Please repeat only the lines below starting at the line that holds "Professional Pool Cue" and ending at the line that holds "The first stop", exactly, with both of those lines included and every picture omitted.

| MATERIAL FOR THE TASK |
--------------------
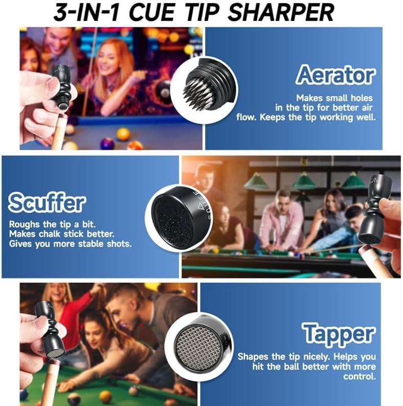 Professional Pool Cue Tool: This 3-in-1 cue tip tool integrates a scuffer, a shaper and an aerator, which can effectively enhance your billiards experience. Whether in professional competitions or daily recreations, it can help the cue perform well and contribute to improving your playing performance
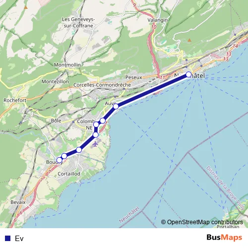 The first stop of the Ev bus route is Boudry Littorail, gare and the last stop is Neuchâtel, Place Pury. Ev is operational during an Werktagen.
--------------------
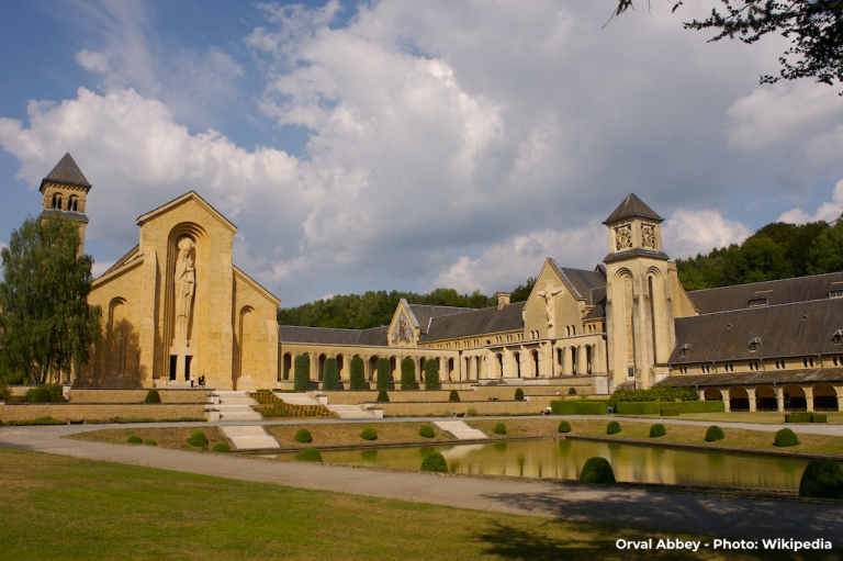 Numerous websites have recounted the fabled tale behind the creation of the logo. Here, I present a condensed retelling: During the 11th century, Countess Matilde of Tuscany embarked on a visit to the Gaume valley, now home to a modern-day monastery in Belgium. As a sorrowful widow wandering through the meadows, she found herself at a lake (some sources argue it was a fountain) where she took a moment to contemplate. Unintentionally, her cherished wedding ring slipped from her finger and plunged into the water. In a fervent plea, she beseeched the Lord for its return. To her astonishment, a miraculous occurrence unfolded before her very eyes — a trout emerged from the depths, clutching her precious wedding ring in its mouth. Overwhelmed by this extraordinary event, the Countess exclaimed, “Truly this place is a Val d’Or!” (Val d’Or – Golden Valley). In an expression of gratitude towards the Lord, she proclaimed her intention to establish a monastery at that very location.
--------------------
| ANSWER FOR THIS EXERCISE |
 Professional Pool Cue Tool: This 3-in-1 cue tip tool integrates a scuffer, a shaper and an aerator, which can effectively enhance your billiards experience. Whether in professional competitions or daily recreations, it can help the cue perform well and contribute to improving your playing performance
 The first stop of the Ev bus route is Boudry Littorail, gare and the last stop is Neuchâtel, Place Pury. Ev is operational during an Werktagen.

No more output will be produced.